I must say that RQ6 is NOT a heavy system. it's quite fast. Thanks to deadly combat and dead simple rules that every idiot gets after reading it once or twice. Pathfinder is rules-heavy. RQ6 is rules-medium and offers so much more depth that Pathfinder.

RQ6 is imho the best percentile system, hack it together with BRP stuff and you can do anything with it. The last supplement, Basic Fantasy for RQ6 is a great addition to the sysrem and turns it more in the D&D direction, which massively outshines D&D.

Best part about RQ6? The combat. This is not about HP or missing all the time. Combat is over in 2-3 turns. With people on the ground, bleeding out.
I said heavier, not heavy (mostly with respect to the family of BRP systems). Other than that I agree with just about everything else you said. like all BRP based games, it's easy to understand, it's fast and deadly and there's a ton of nuance and depth.
 

Cool name

Arcane
Joined
Oct 14, 2012
Messages
2,147
historically I don't like percentile RPGs. I find scaling difficulties awkward, especially with games like eclipse phase.

However, I was reading through some of the new call of Cthulhu and really liked it. I found that you divide your base skill to find your odds for higher difficulties to be really fair and clear. If I remember something hard is 1/2 your skill, and something difficult is 1/5 your skill.

It got me thinking.

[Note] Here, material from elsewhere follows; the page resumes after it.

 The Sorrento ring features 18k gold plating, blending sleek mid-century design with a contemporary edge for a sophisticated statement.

Are there other good percentile games I'm overlooking?

James Bond 007. I'm not joking.

Uses a similar system where skill rolls are multiplied or divided by a difficulty factor. Very straightforward and easy to use unless you are playing with preschoolers who cannot into simple multiplication/division.

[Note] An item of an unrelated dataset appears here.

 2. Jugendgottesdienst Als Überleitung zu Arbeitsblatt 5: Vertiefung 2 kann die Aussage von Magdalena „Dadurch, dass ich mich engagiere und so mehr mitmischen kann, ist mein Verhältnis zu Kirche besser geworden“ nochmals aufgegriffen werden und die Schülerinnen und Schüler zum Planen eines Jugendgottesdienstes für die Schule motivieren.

Not a perfect system but the genre emulation is excellent, and the game runs really smoothly. Pretty easy to adjust difficulty or set in a number of time periods, though the tone will always be more Bond than say, Bourne because that's the flavour the mechanics are going for (not a negative IMO, not all games should be generic any-setting any-genre ones).

I think there's an updated clone called Classified but I haven't read it so I couldn't tell you if they fucked it up.